Собака бегала и звонко лаяла, падая на спину и катаясь по снегу, как маленький щенок. Коллар заходила в круглосуточную кофейню, брала капучино и выпивала его достаточно быстро, еще до того, как он успевал остыть на холоде. В этой кофейне не было сиропов или чего-то подобного, так что за неделю девушка привыкла к горьковатому вкусу кофе без сахара, и почему-то от одного только упоминания о лаванде на языке всплывал навязчивый привкус, от которого возникало чувство тошноты.
Она целую неделю засыпала под новую гитару соседского паренька, а однажды даже заскочила к нему в гости, прихватив с собой свежеиспечённый пирог. Они просидели практически до утра за излюбленными песнями, тёплыми разговорами и смешными шутками. На какой-то момент она даже подумала о том, что если бы в ней была хоть капля натуральности, этот паренёк явно мог бы претендовать на ее сердце.
Всю неделю она была окружена теплом и родительской заботой, благодаря чему смогла хоть на какое-то время забыть обо всем том, что ежеминутно угнетало.
Сейчас, сидя на той кровати, на которой она спала с трёх лет, она хотела остаться и ещё хоть день побыть под родительской опекой, побыть ребёнком, но ответственность, которая опустилась ей на плечи, была сильнее и не давала ей возможности остаться и забыть.
До города ехать около четырёх часов, и стоя на автобусной остановке, когда родители крепко прижимали к себе дочь, нагрузив ее всевозможной едой и закрутками, девушка думала о том, что ей все надоело и она не хочет возвращаться в свой город.
— Ты только звони почаще, ладно?
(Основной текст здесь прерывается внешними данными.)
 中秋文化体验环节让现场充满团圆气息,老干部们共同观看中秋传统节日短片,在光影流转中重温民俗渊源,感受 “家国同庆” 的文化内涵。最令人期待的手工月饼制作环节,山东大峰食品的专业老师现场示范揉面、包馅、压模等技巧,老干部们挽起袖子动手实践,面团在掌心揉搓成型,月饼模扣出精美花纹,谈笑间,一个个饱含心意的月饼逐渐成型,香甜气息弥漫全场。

Ты у нас одна-единственная и любимая дочь, мы скучаем, — проговаривает мужчина, едва сдерживая слёзы.
— Конечно, я тоже очень по вам скучаю, между прочим, вы и сами могли бы заглянуть ко мне в гости, мне есть что вам показать, — девушка улыбается и, обняв родителей, заходит в автобус, откидывается на спинку самого дальнего сидения, втыкает наушники в уши и закрывает глаза. У неё есть четыре часа спокойствия, уединения и неприкосновенности до того момента, как взрослая жизнь снова затянет ее в пучину.
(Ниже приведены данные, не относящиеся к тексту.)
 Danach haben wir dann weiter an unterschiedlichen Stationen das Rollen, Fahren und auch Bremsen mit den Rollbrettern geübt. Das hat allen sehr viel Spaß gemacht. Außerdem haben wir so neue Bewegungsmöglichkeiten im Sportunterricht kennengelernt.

Иногда стремление быть героем для всех заканчивается плохо, но понимание этого отчего-то приходит в тот самый момент пути, когда дороги назад уже нет. Андрияненко всю жизнь думала, что вокруг неё прочная броня, которую она мастерила годами, но нет такой брони, которая защитит тебя от всего, вот и ее начала трещать по швам.
Девушка за потоком собственных мыслей не замечала, как сменялись песни в плейлисте и пейзажи за окном, она просто смотрела в одну точку и думала о том, что ей дальше делать со своей жизнью.
***
— Ты думала о том, что мы будем делать, когда закончится университет? — Вдруг ни с того ни с сего проговаривает Борцова, подвигая ближе к Веронике кружку с только что приготовленным горячим шоколадом.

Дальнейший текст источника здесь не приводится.